* Input records
□ □ □

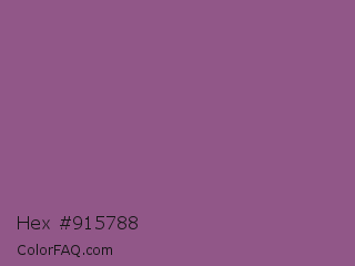 Hex #915788 Color is a normal magenta color and the nearest color is Antique Fuchsia #915c83. Hex code #915788 and RGB value is rgb(145,87,136). In RGB color space, this color is composed of 57% red, 34% green, 53% blue, In CMYK color space, this color is composed of 0% cyan, 40% magenta, 6% yellow , 43% black , In HSL color space, this color has a hue angle of 309° , 25% saturation and 45% lightness.
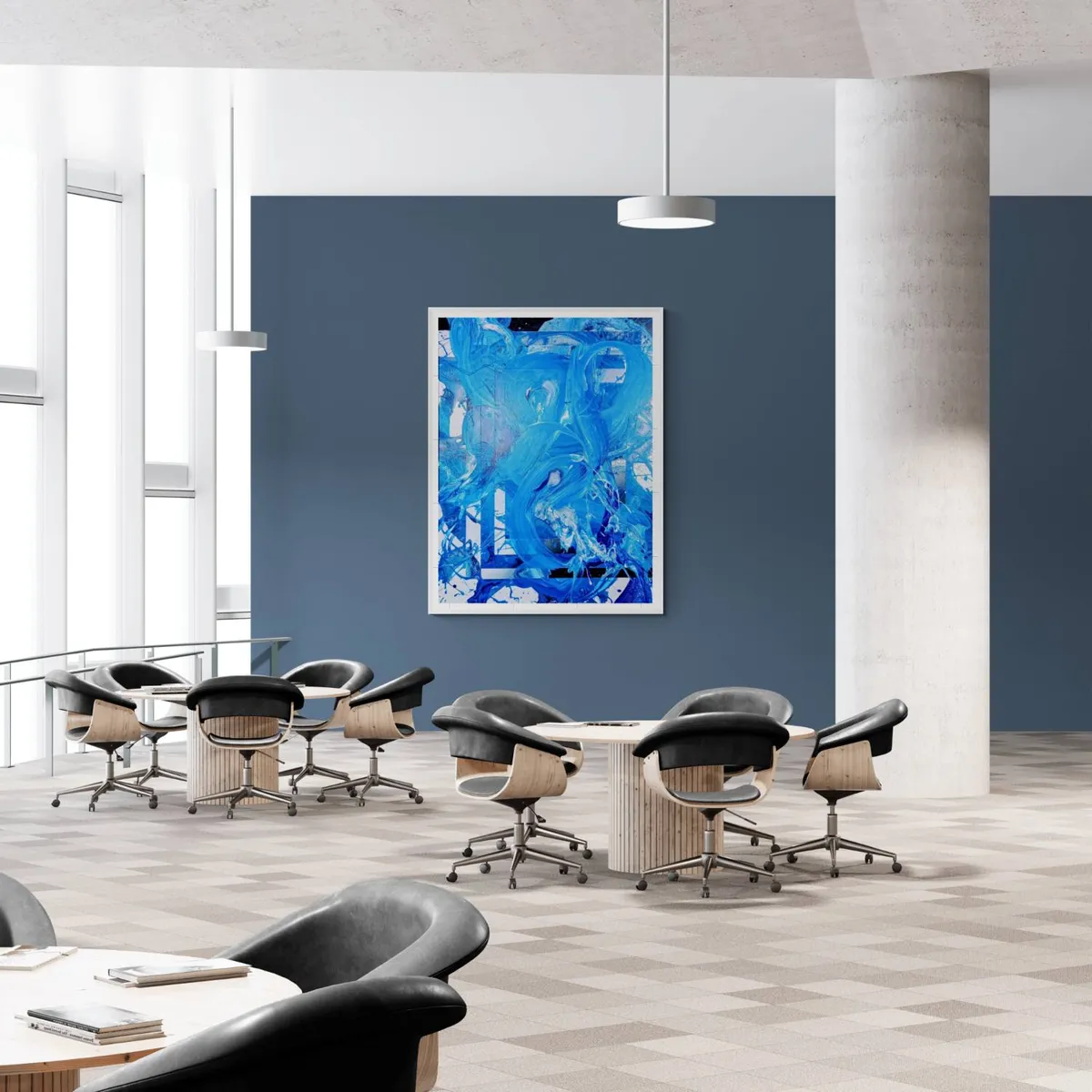Day Break is a powerful exploration of color, energy, and renewal. This mixed media piece integrates fluid acrylics and spray paint, creating a dynamic composition that embodies the vibrant energy of a sunrise. The interplay of rich oranges, golds, and purples contrasts with soft whites and blues, symbolizing the transition from night to day.
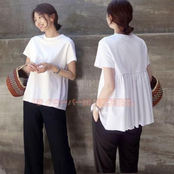 tシャツ半袖春 夏クルーネック 無地 ゆったり トップス カットソー uvカット クローバー株式会社 プルオーバー バックフレア フリル ギャザー ゆったり おしゃれ
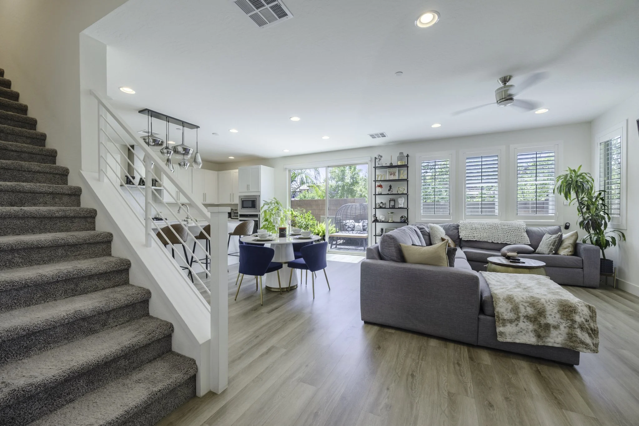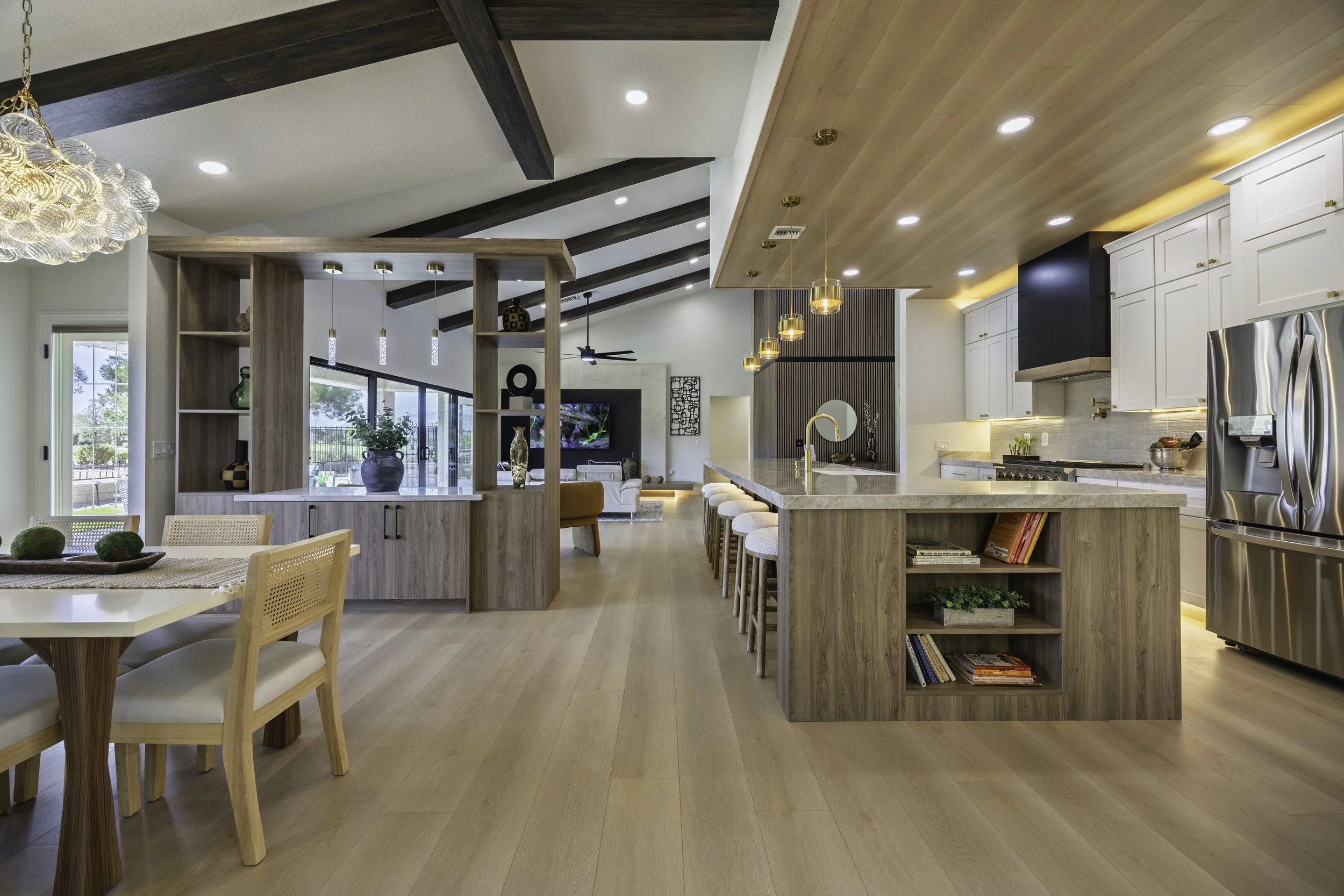 Open concept living room and kitchen with wood accents, large windows, and modern decor.
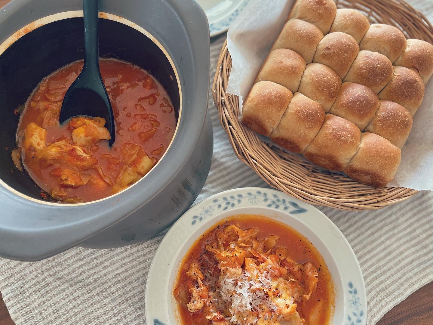 - ⑧お皿にうつし仕上げをまぶして完成。ズボラさんは1.2を省いて入れてもOK!!お好みのハーブと一緒に煮込んだり、色んなキノコを入れても美味しいです。
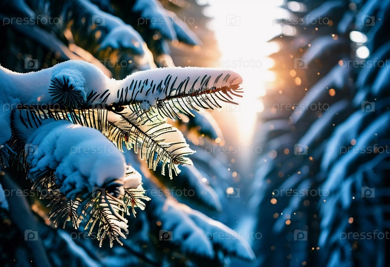 Безмятежный еловый лес, покрытый зимним снегом, демонстрирующий покрытые инеем деревья и мягкий снегопад, создающий спокойную атмосферу в мирной лесной обстановке. Генеративный ИИ
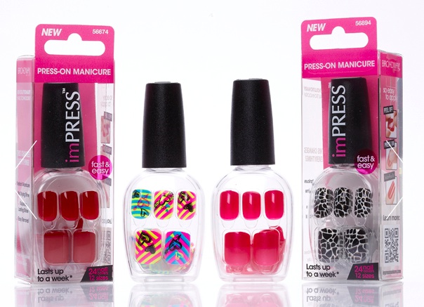 I am the type of gal that loves doing her nails. Notice I didn’t say ‘getting them done’ – although I appreciate a nice mani or pedi as much as the next person, I have a blast cruising the shelves of pretty pastels, gorgeous glitters, and stunning seasonal shades that the beauty industry plops into your local drug or beauty store. Lately however, I’ve been paying attention to a new trend. Or should I say, an old trend that’s been given new life, in the form of no-paint nails from imPRESS press-on nails by Broadway, and Kiss Nail Dress stick-on nails.
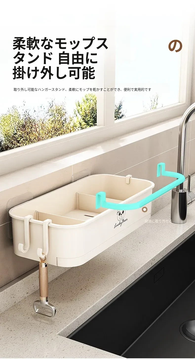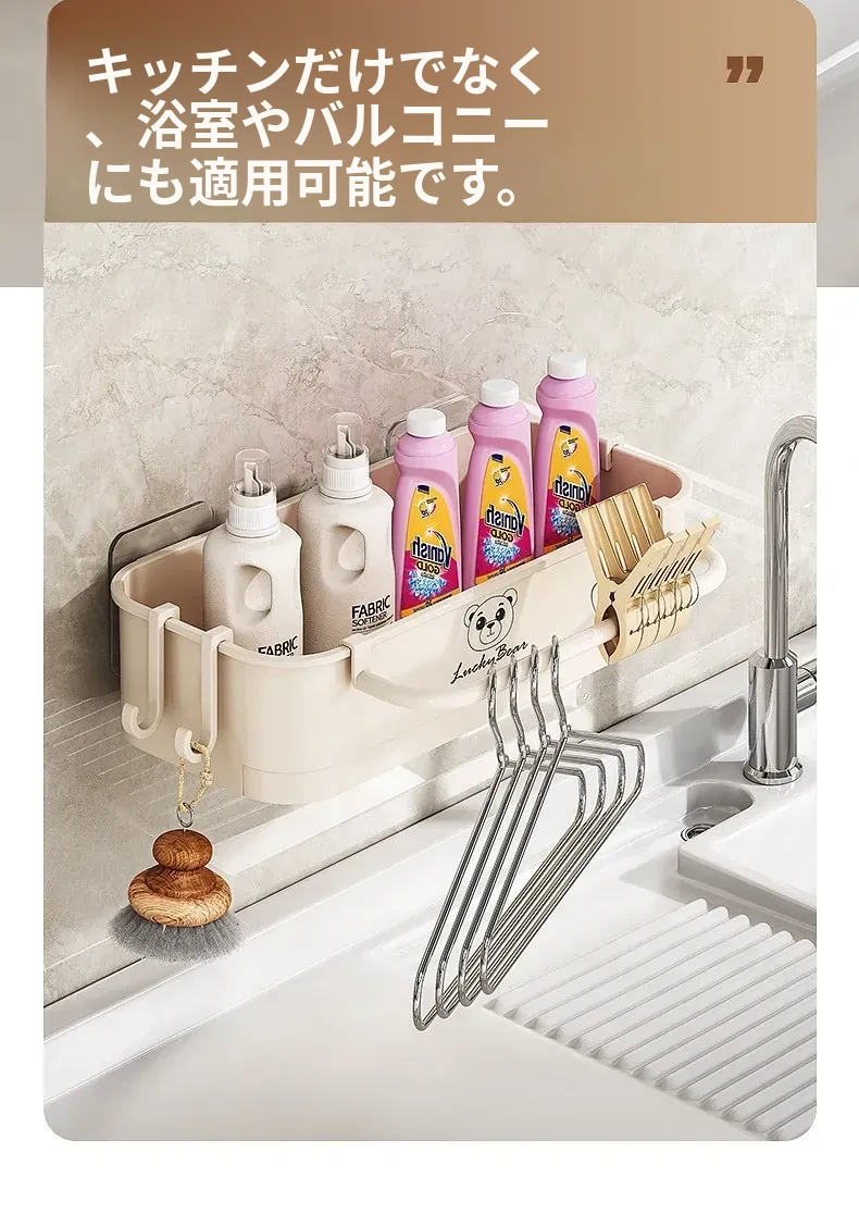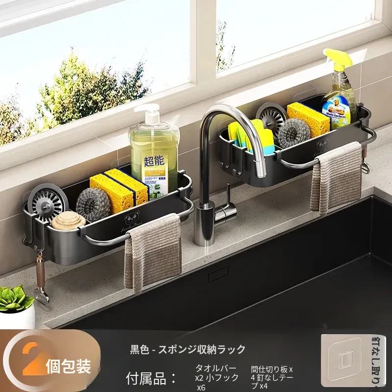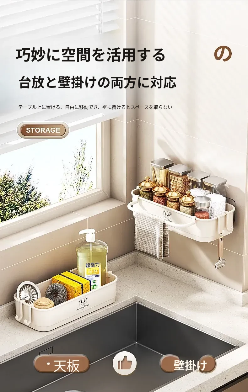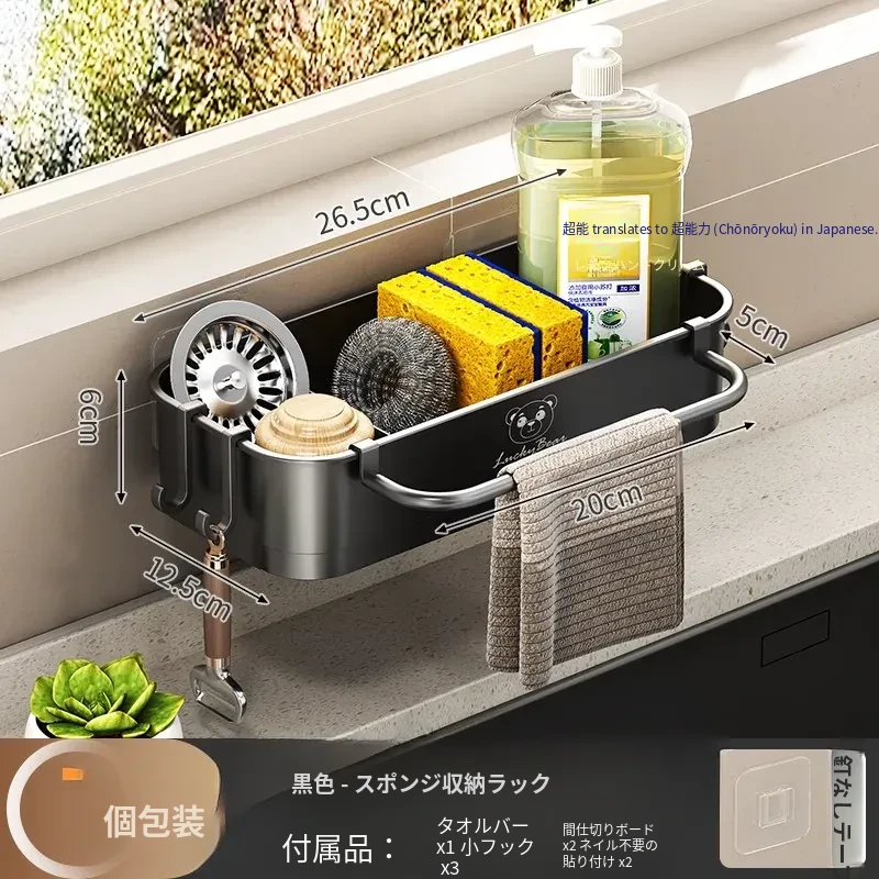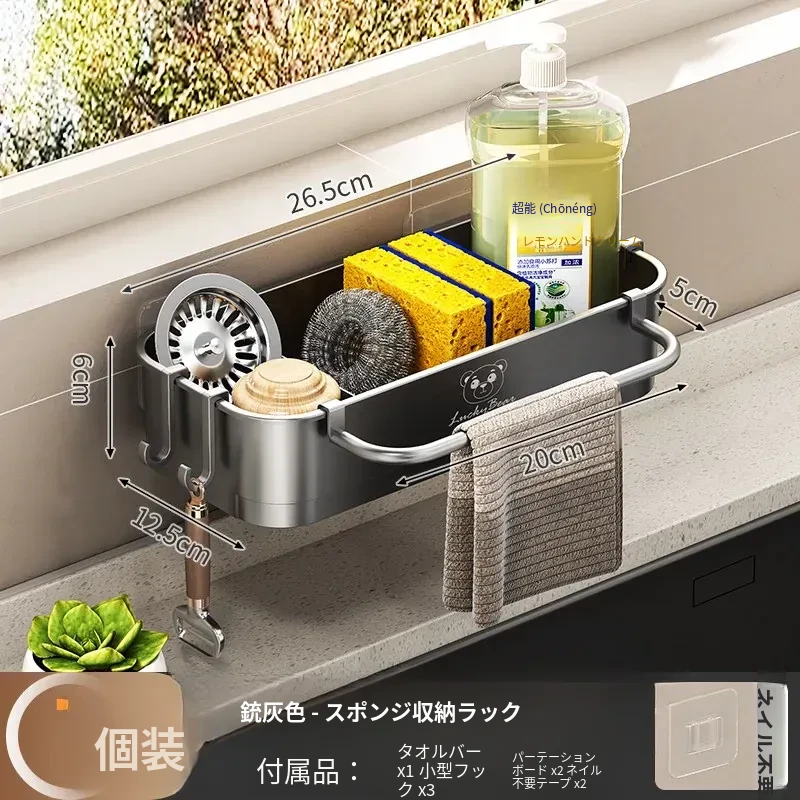 キッチン用取り付け不要のマルチ機能壁掛け収納ラック - 水切りバスケットとスポンジ収納に最適!省スペースで整理整頓も簡単!
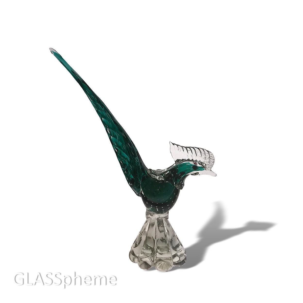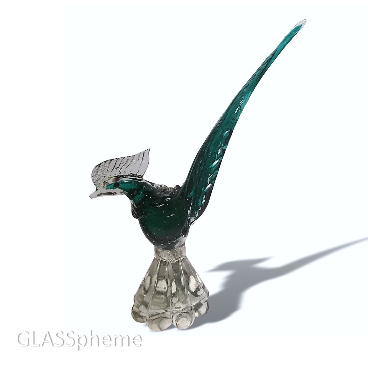 This super pretty mid-century Murano glass rooster (maybe) is done in crystal and a vivid teal/green cased | sommerso bullicante glass and is in perfect condition. I'm unable to attribute it to any one producer--it sports the generic (but clearly mid-century) red scalloped Genuine Venetian Glass Made in Murano Italy, which I've thus far seen on AVEM and Fratelli Toso (among other) pieces.

□ □ □

* Work request
Look above for the line with "Open concept living" and the line with "Безмятежный еловый лес, покрытый". Output those two and everything between them exactly, pictures excluded.

* Result below
 Open concept living room and kitchen with wood accents, large windows, and modern decor.
 - ⑧お皿にうつし仕上げをまぶして完成。ズボラさんは1.2を省いて入れてもOK!!お好みのハーブと一緒に煮込んだり、色んなキノコを入れても美味しいです。
 Безмятежный еловый лес, покрытый зимним снегом, демонстрирующий покрытые инеем деревья и мягкий снегопад, создающий спокойную атмосферу в мирной лесной обстановке. Генеративный ИИ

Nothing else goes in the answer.